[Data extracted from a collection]
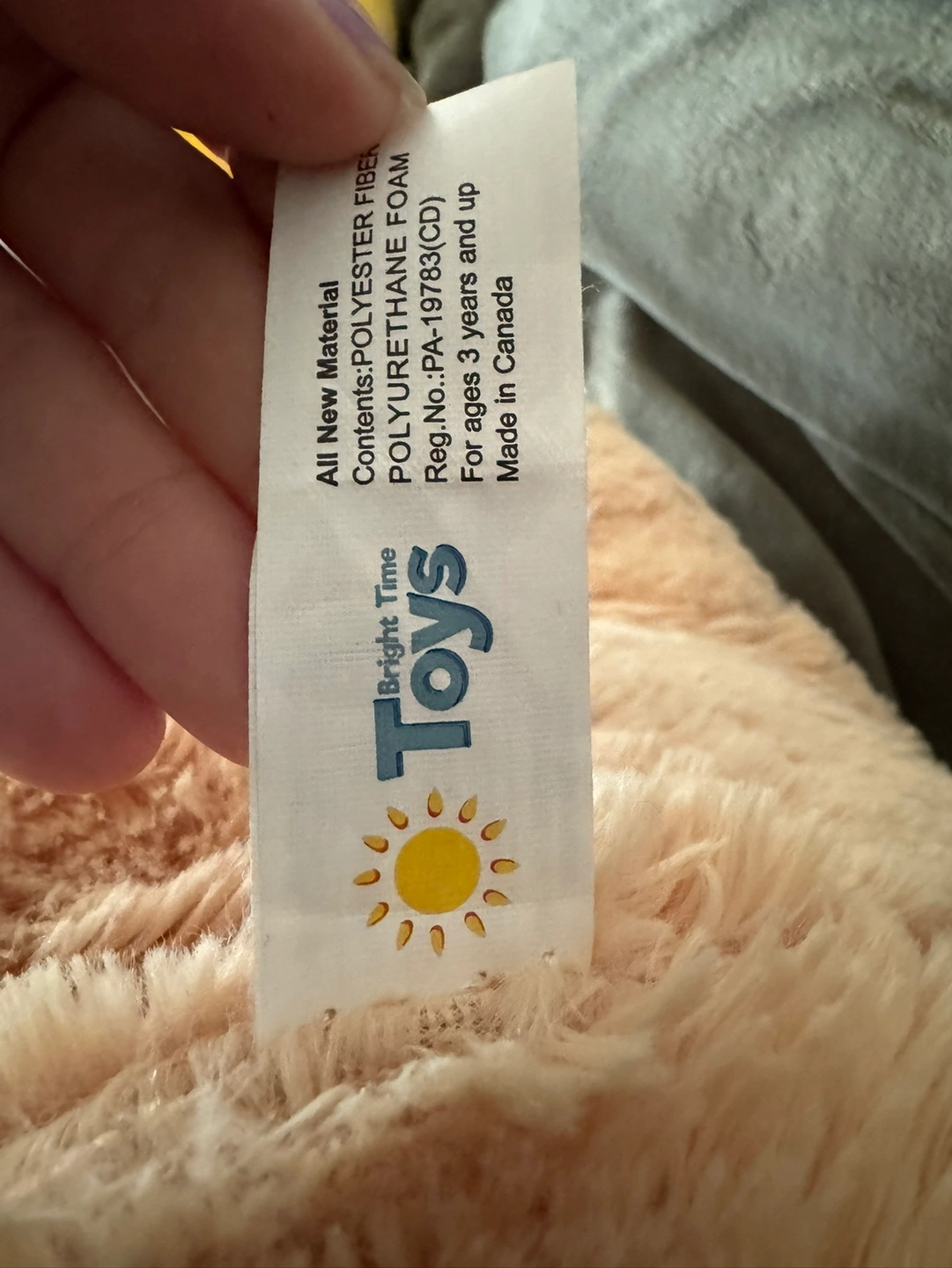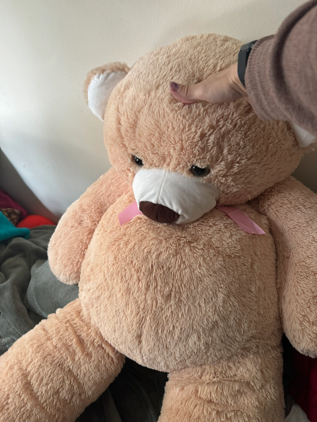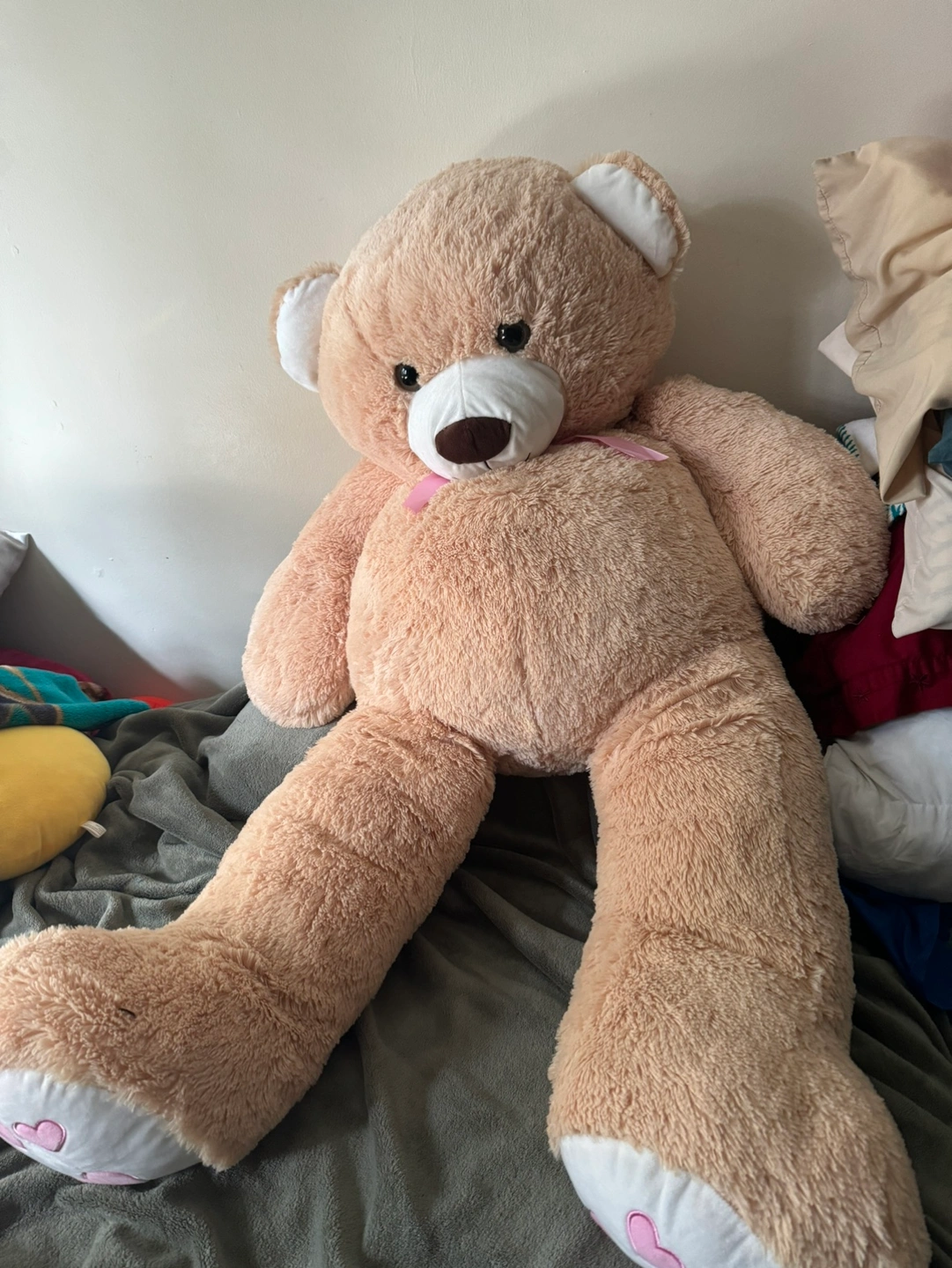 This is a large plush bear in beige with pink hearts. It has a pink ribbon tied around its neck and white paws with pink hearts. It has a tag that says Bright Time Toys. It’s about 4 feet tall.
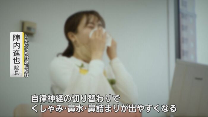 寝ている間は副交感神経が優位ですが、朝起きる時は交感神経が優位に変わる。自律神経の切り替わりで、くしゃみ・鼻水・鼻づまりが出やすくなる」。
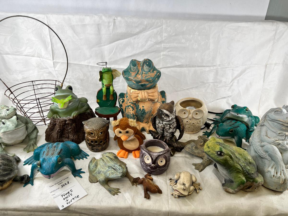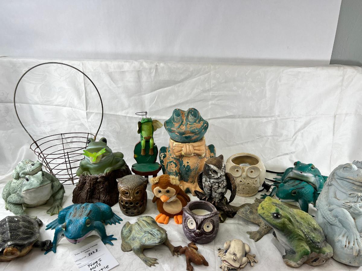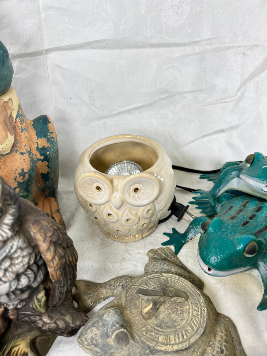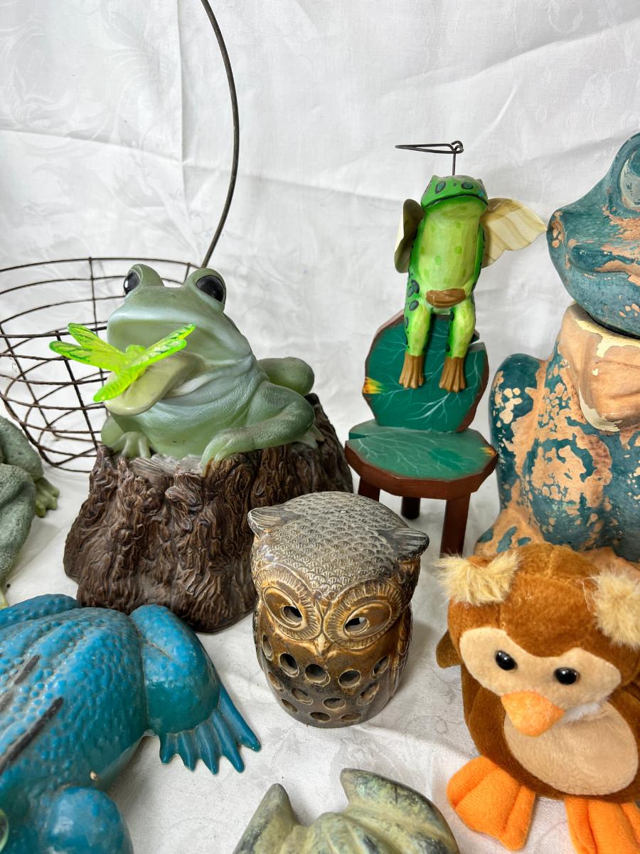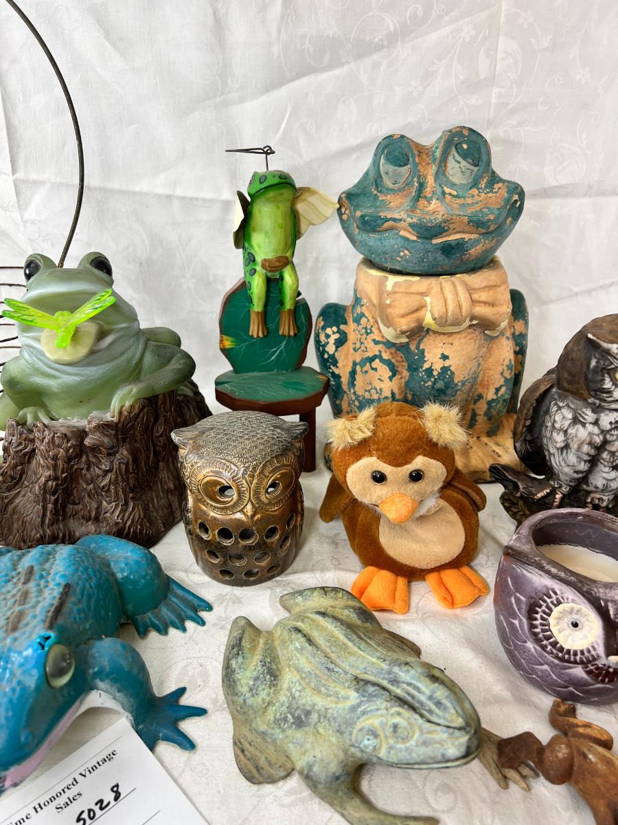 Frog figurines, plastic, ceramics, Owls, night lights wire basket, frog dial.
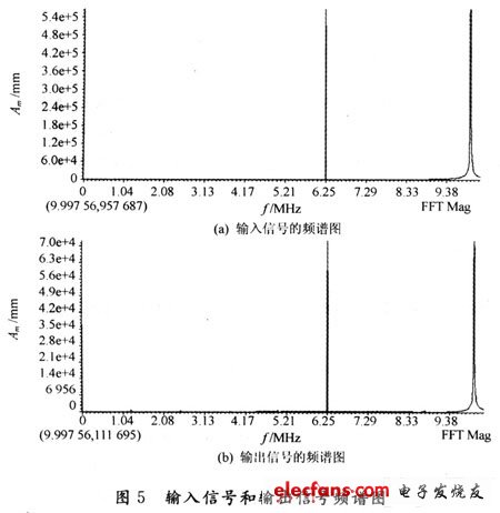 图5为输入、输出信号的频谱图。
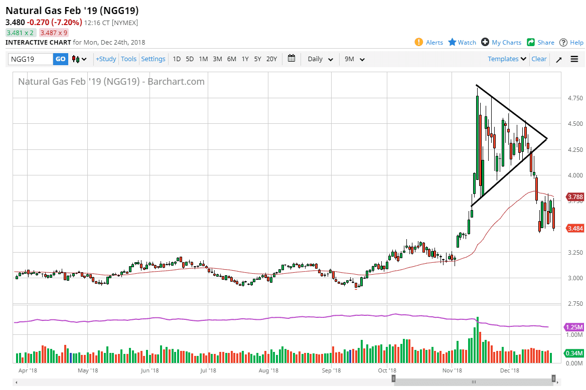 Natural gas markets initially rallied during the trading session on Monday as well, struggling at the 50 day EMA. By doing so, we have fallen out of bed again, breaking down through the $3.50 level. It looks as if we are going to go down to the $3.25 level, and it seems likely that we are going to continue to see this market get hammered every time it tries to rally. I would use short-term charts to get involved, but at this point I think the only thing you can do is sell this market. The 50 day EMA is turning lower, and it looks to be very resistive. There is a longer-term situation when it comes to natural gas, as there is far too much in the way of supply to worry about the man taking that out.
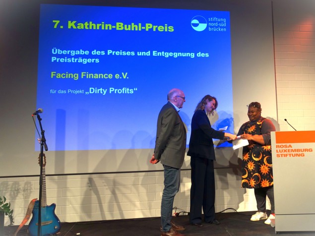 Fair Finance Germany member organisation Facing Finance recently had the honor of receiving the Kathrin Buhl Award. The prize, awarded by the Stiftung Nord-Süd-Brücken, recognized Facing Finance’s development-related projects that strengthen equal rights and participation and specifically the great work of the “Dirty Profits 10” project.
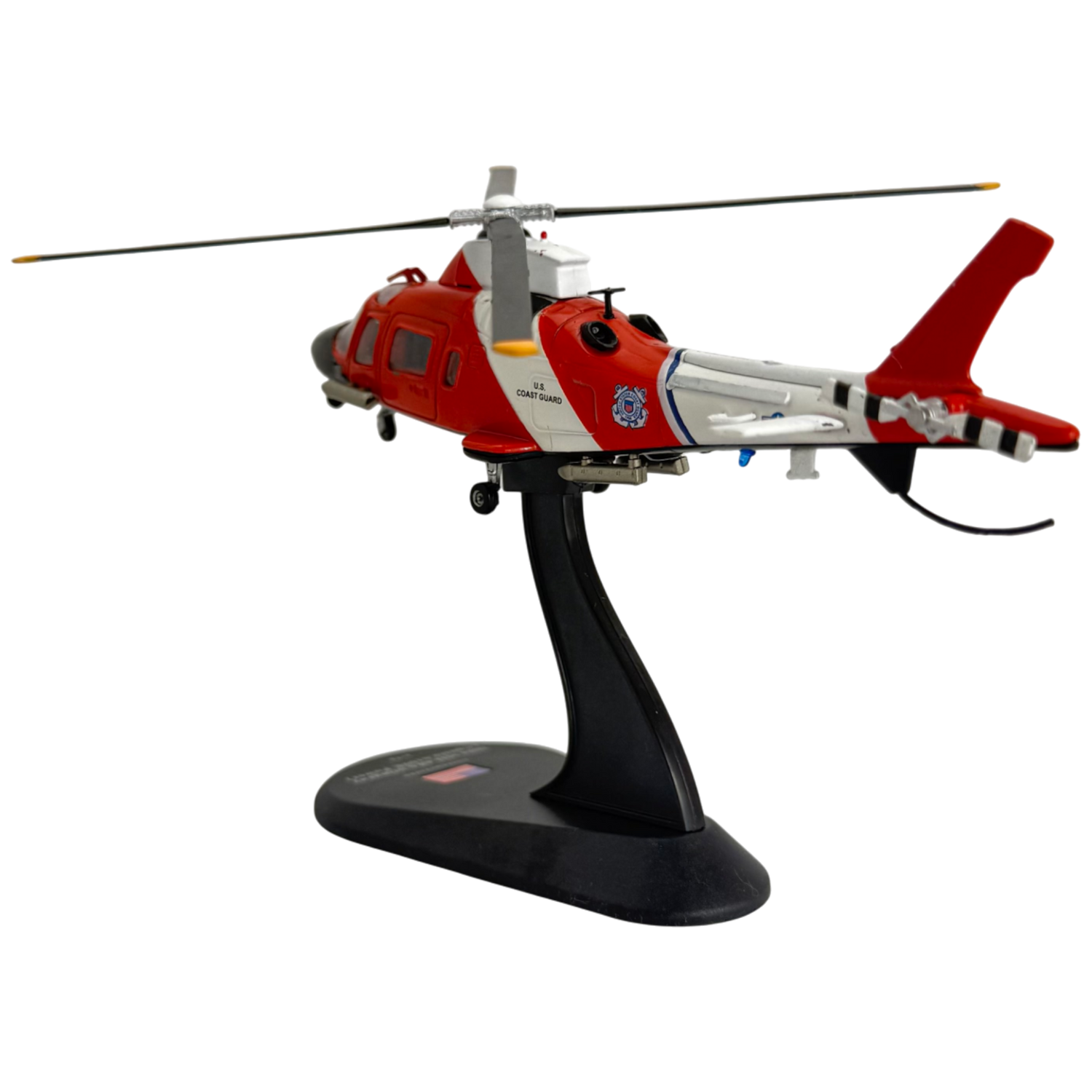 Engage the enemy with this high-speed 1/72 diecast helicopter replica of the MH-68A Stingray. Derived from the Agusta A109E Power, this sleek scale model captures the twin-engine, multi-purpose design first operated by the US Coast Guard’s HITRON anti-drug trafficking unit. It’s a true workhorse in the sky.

WORK REQUIRED>
From the first line to the last, repeat the data above exactly and leave the pictures out.

TASK SOLUTION>
 This is a large plush bear in beige with pink hearts. It has a pink ribbon tied around its neck and white paws with pink hearts. It has a tag that says Bright Time Toys. It’s about 4 feet tall.
 寝ている間は副交感神経が優位ですが、朝起きる時は交感神経が優位に変わる。自律神経の切り替わりで、くしゃみ・鼻水・鼻づまりが出やすくなる」。
 Frog figurines, plastic, ceramics, Owls, night lights wire basket, frog dial.
 图5为输入、输出信号的频谱图。
 Natural gas markets initially rallied during the trading session on Monday as well, struggling at the 50 day EMA. By doing so, we have fallen out of bed again, breaking down through the $3.50 level. It looks as if we are going to go down to the $3.25 level, and it seems likely that we are going to continue to see this market get hammered every time it tries to rally. I would use short-term charts to get involved, but at this point I think the only thing you can do is sell this market. The 50 day EMA is turning lower, and it looks to be very resistive. There is a longer-term situation when it comes to natural gas, as there is far too much in the way of supply to worry about the man taking that out.
 Fair Finance Germany member organisation Facing Finance recently had the honor of receiving the Kathrin Buhl Award. The prize, awarded by the Stiftung Nord-Süd-Brücken, recognized Facing Finance’s development-related projects that strengthen equal rights and participation and specifically the great work of the “Dirty Profits 10” project.
 Engage the enemy with this high-speed 1/72 diecast helicopter replica of the MH-68A Stingray. Derived from the Agusta A109E Power, this sleek scale model captures the twin-engine, multi-purpose design first operated by the US Coast Guard’s HITRON anti-drug trafficking unit. It’s a true workhorse in the sky.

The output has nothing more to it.